These assignments are inspired and governed by my rules
of the game of Christian education. You should be aware of them.
- You will join a group of three (or four) students, choose a captain
(and a name if you are unusually dorky), and schedule your first meeting before
the first written assignment. Further team and group responsibilities and
guidelines are available in the leadership
section of my rules of the game.
- You will attend class sessions and group meetings and participate
in discussions. These times together are integral parts of the course. These
subjects are best understood when lived and discussed, not just when heard
and read. When you fail to attend, you frustrate not only your education,
but that of your teammates and especially those in your group. I don't grade
your attendance or participation, because the assignments do it for me. Nevertheless,
I reserve the right to adjust grades up or down (though never by no
more than one letter-grade) on their basis.
The syllabus often contains
links to lecture outlines, but beware: I frequently make points in class that
are not on the outline. Where I do skip points in an outline, you are not
formally responsible, but you should still browse the whole outline to see
how I would develop the topic if we had more time.
- You should read all required material either before the class
sessions that follow them, or immediately afterwards. You must be
caught up on readings before group meetings. Bring up misunderstandings at
group meetings and in class. Do not fall behind, or you and your teammates
will be sorry!
- You will write occasional exercises on lectures and readings.
You can find each assignment from a link on the syllabus.
These are like 'problem sets' meant to get you into readings and lectures
before you forget the information (this doesn't take long, believe me), to
keep you caught up, and to train you in how to study, understand, apply, and
write about theology. You will review and discuss these with group members
and occasionally in class. These reflections will total 50% of your final
grade. As you write, please refer to my suggestions
for writing papers for helpful suggestions, cautions about Internet "research",
ultimata regarding late papers and plagiarism, and so on.
- You will create five-minute biographical presentations on figures
and events remembered in Galli and Olsen's 131 Christians Everyone Should
Know. You will principally answer the question: Why is it important
that the Church remember this person or event faithfully? Grades will
reflect both your answers and the creativity and effectiveness of the presentation.
You may present them in class if you are so inclined. This is an opportunity
to reflect and appropriate what you find in course materials and your own
outside research, not merely regurgitate the course material. Each is due
at the appropriate day on the syllabus (e.g., a presentation on Martin
Luther would be due as we cover the German reformation).
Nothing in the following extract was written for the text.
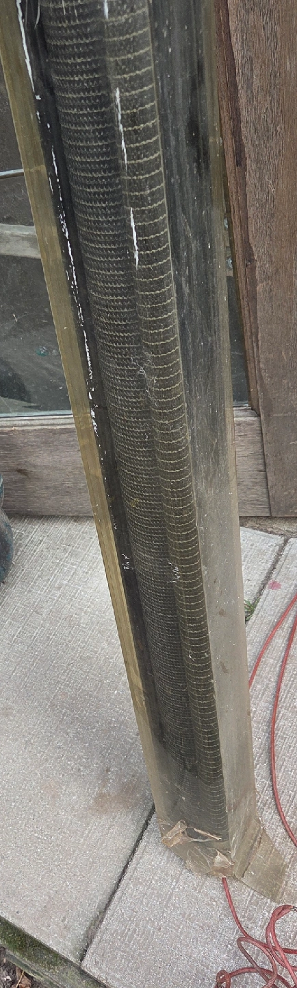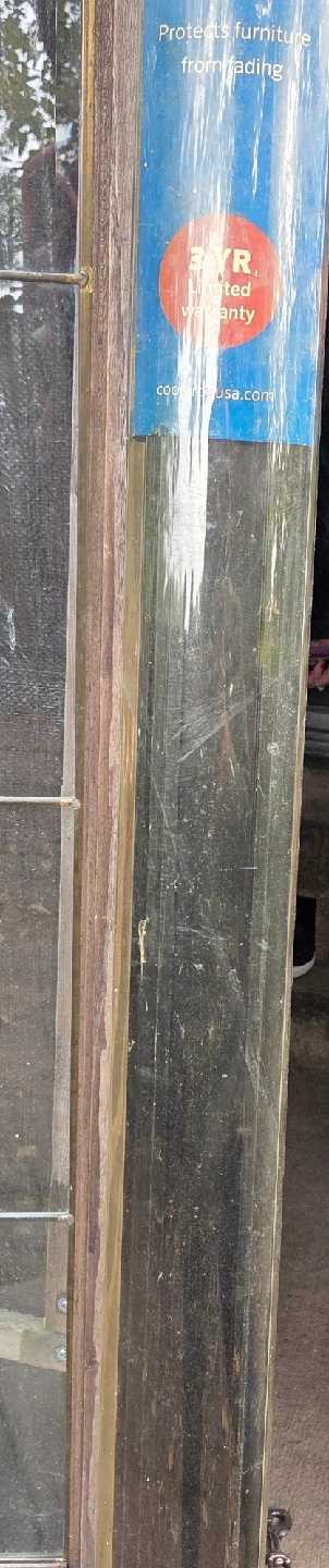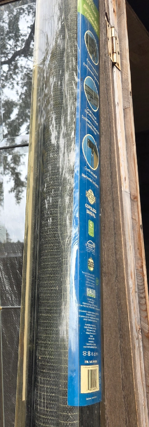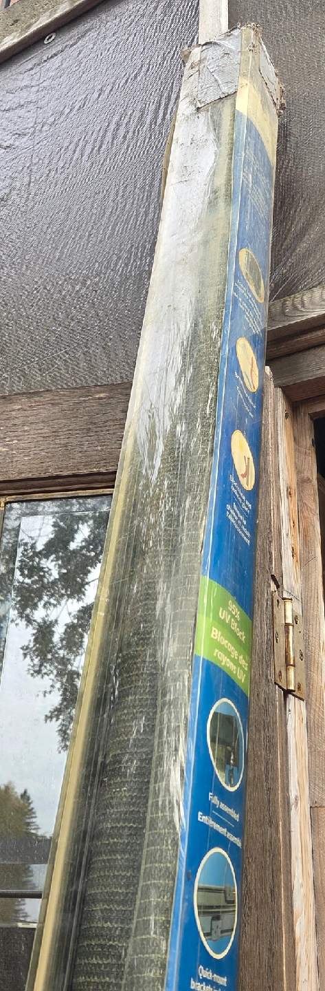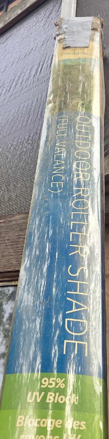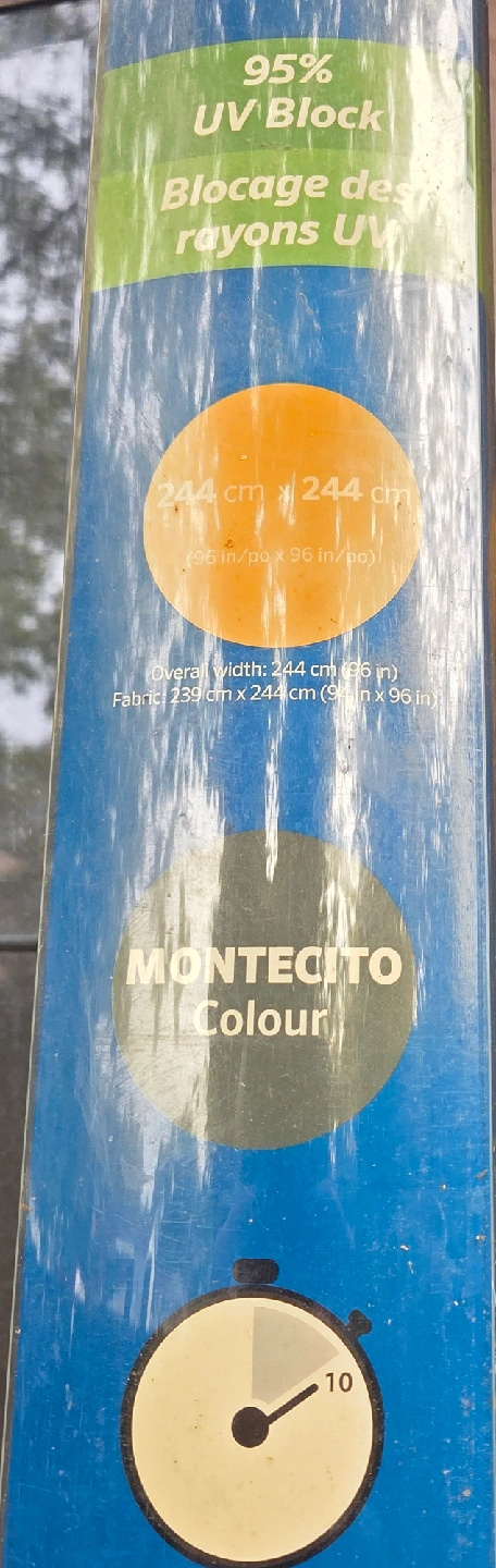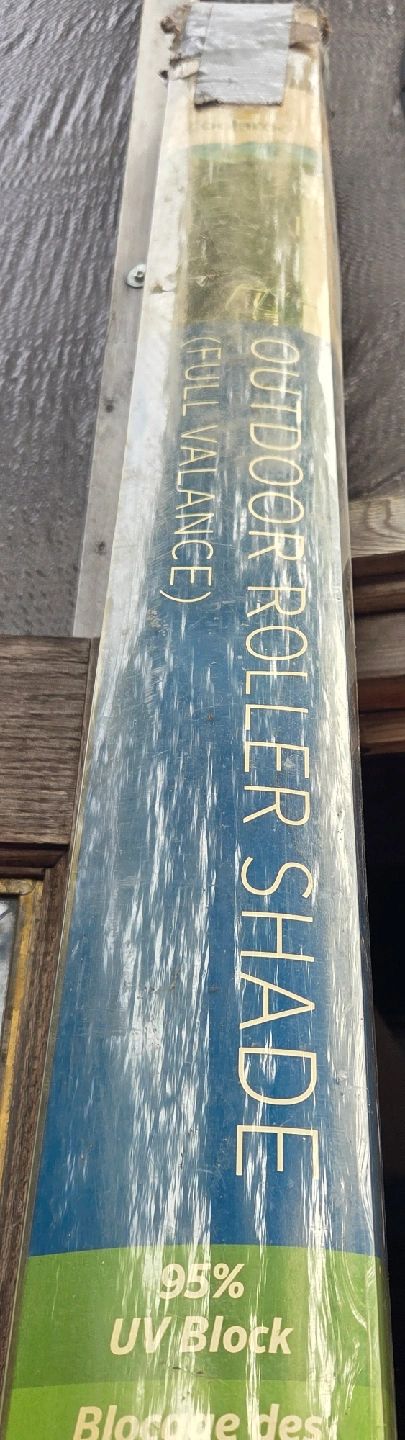 Outdoor roller shade still in packaging! It's 96 inches by 96 inches. The colour is Montecito. It blocks 95% of UV rays and reduces energy costs. It also cuts install time in half!

Presentations count
as one reflection.
- You will peer review the reflections and biographical presentations
of other students in your group, evaluating the writer's style, organization,
use of sources, and strength of argument. Refer to my peer
review guidelines and use my peer review form (in HTML
or Acrobat). How well you perform
your peer reviews will affect your own grade as the equivalent of one exercise.
- You will take three in-class exams covering major terms and topics
in the lectures and required texts. These will focus on the section just ended,
covering up to the day of the exam. We will grade them in class. The first
and second exams will count as 10% of your final grade. What would have been
our third "in-class" exam will become the final exam, which will
count as 20%. It will concentrate on the last part of the course, though it
will also have a cumulative component.
- "There are varieties of gifts, but the same Spirit" (1 Cor. 12:4).
I don't expect you to excel at every one of these practices (though I do expect
competence in all, as the skills required for each are important for anyone
with a college degree, let alone anyone with preaching and teaching responsibilities
in today's Church). Accordingly, your highest grade in the other categories
will also become the last 10% of your grade. Isn't that nice?
You will not engage in academic dishonesty (as described
in the student handbook). Students who do will fail the course.
"You know that we who teach shall be judged
with greater strictness" (James 3:1). There is perhaps no
more responsible position in the Church than teaching doctrine
and preaching Scripture, whether behind a lectern, in a small
group, or around a dinner table. In grading these assignments,
I will resist grade inflation. I've found (as both a teacher and
as a student!) that this way students are more likely to improve,
and grades are just as high at the end of the course because of
Having trouble understanding the reading? I
may sometimes post introductions to
readings in advance. Look up unfamiliar terms in a dictionary
(for instance, the on-line New
Advent Catholic Dictionary), or google
them. If even these suggestions do not help, then I leave you
with the advice of Thomas Cranmer:
"I cannot understand it." What marvel?
How shouldest thou understand, if thou wilt not read nor look
upon it? Take the books into thine hands, read the whole story,
and that thou understandest keep it well in memory; thou that
understandest not, read it again and again: if thou can neither
so come by it, counsel with some other that is better learned.
Go to thy curate and preacher; show thyself to be desirous to
know and learn: and I doubt not but God, seeing thy diligence
and readiness (if no man else teach thee) will himself vouchsafe
with his Holy Spirit to illuminate thee, and to open unto thee
that which was locked from thee (Preface to the Great Bible
In other words, giving up on difficult material is not an option.